Cut & Fill I:
Robotic Remediation
FALL 2014: ATOMIC CITIES STUDIO V
The Cut & Fill Studio examined advances in heavy earth-moving and mining technologies, and their application to remediating the PGDP site. Students researched the mechanics of earth-moving equipment as well as autonomous drivers that combined sensing technologies and numerically controlled subtractive fabrication; G-code. The studio charged students with developing remediation strategies based entirely on cut and fill. Might it be possible to prototype large-scale earth-moving remediation strategies based on CNC tools that are increasingly common in architectural construction?

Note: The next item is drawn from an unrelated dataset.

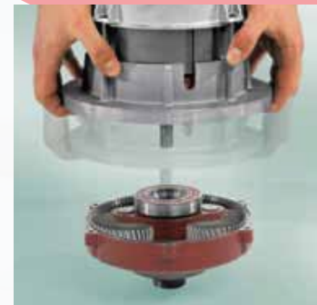
CM43f plus - CM50 plus Steel gearbox for demanding cleaning tasks in extraordinary conditions
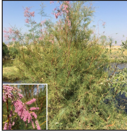
Salt Cedar ( Tamarix spp. ) - 20 to 25 feet tall, feathery appearance, small bright pink flowers.

Objectives: This studio sought to understand the hydro-dynamics of the site in such a way that contaminants could be controlled or contained by sculpting the earth. Perhaps even ‘corralled’ into a central location from which they might be more easily removed. Recognizing that no contaminated earth could leave the site, among the many challenges facing students was what to do with excavation – especially in the instance that it was deemed necessary to dig the seventy some feet down to the contaminated aquifer. Students were challenged to use these site conditions as a starting point, and then utilize parametric modeling software, coupled with the idea that heavy equipment could be understood as one would additive and subtractive processes, to make a working site strategy, that might also be beautiful in its surreality or otherworldliness.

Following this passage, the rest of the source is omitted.